* Task description *
Restate the full listing word for word and leave the pictures out.

* Extracted data *
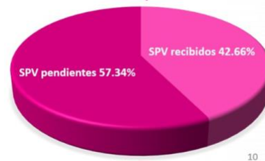
Avance de recepción SPV

El 20 de mayo del presente año, se compartió entre las personas integrantes de esta Comisión el Informe Avance envío PEP y retorno de los Sobres Postal Voto con corte al 17 de mayo, puede consultar el documento dando click a la siguiente imagen:
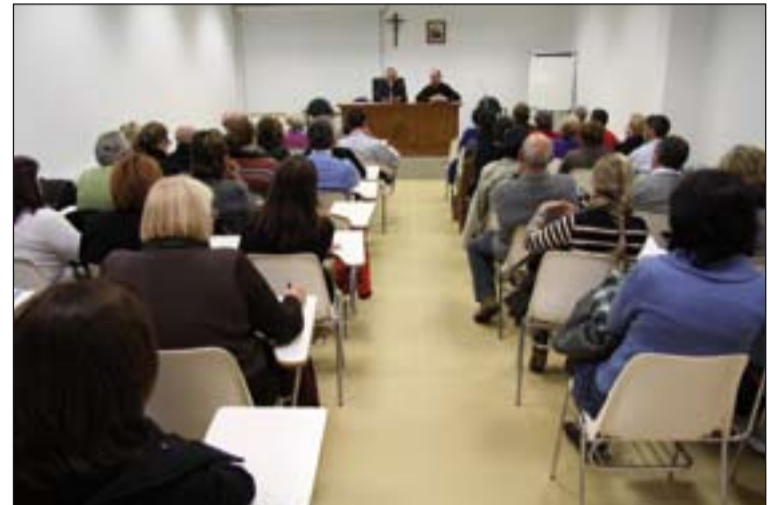
Apertura del curso pasado en las EFB.

A un nivel inferior se encuentran las Escuelas de Agentes de Pastoral, pensadas para aquellas personas que ya poseen una formación cristiana básica y desean pro-
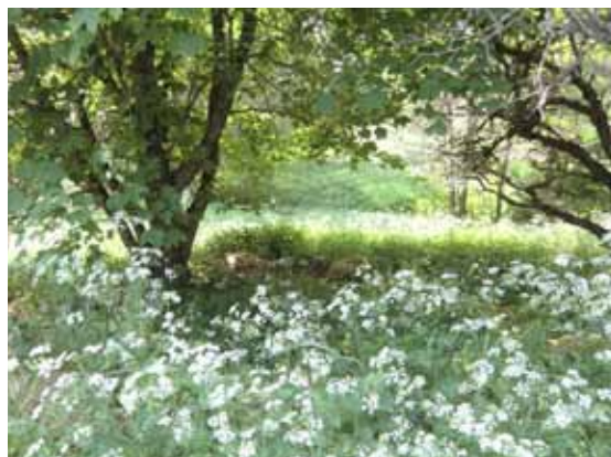
Övervuxen trädgård

Förslag: Anlägg ett stignät kring Träsksjön med grillplatser. Äldre stigar och rösen bör bevaras oavsett om avverkning sker.

* Result below *
Avance de recepción SPV

El 20 de mayo del presente año, se compartió entre las personas integrantes de esta Comisión el Informe Avance envío PEP y retorno de los Sobres Postal Voto con corte al 17 de mayo, puede consultar el documento dando click a la siguiente imagen:
Apertura del curso pasado en las EFB.

A un nivel inferior se encuentran las Escuelas de Agentes de Pastoral, pensadas para aquellas personas que ya poseen una formación cristiana básica y desean pro-
Övervuxen trädgård

Förslag: Anlägg ett stignät kring Träsksjön med grillplatser. Äldre stigar och rösen bör bevaras oavsett om avverkning sker.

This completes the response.